§ YOUR INSTRUCTIONS: Going through the material below, output exactly the lines from the one containing "The National Old" through the one containing "男童牛仔裤春秋款2026新款男孩春装大儿童装痞帅宽松休闲直筒裤子_869", and no pictures.

§ SOURCE RECORDS:
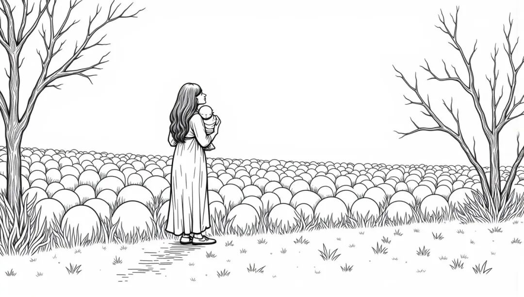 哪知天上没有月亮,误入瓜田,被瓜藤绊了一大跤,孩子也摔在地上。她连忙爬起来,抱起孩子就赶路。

...

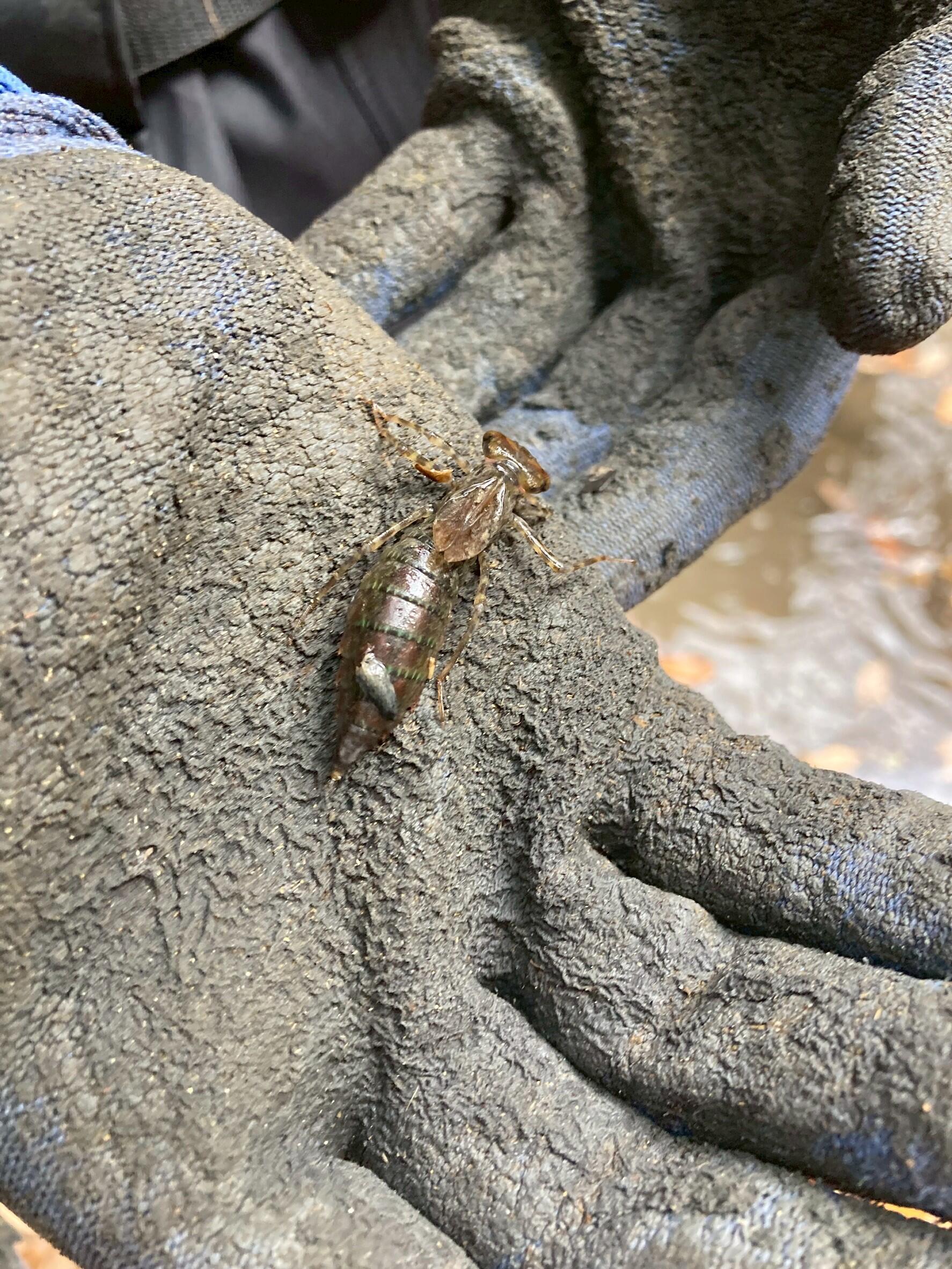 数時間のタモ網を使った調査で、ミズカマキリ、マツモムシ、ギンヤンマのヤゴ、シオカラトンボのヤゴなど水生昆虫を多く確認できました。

--

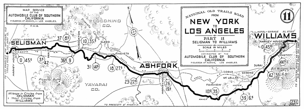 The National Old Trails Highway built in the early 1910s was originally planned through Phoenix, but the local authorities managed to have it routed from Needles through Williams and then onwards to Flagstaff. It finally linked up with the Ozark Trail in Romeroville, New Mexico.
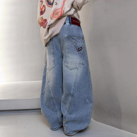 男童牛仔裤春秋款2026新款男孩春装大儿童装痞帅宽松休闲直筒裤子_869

§ ANSWER FOR THIS EXERCISE:
 The National Old Trails Highway built in the early 1910s was originally planned through Phoenix, but the local authorities managed to have it routed from Needles through Williams and then onwards to Flagstaff. It finally linked up with the Ozark Trail in Romeroville, New Mexico.
 男童牛仔裤春秋款2026新款男孩春装大儿童装痞帅宽松休闲直筒裤子_869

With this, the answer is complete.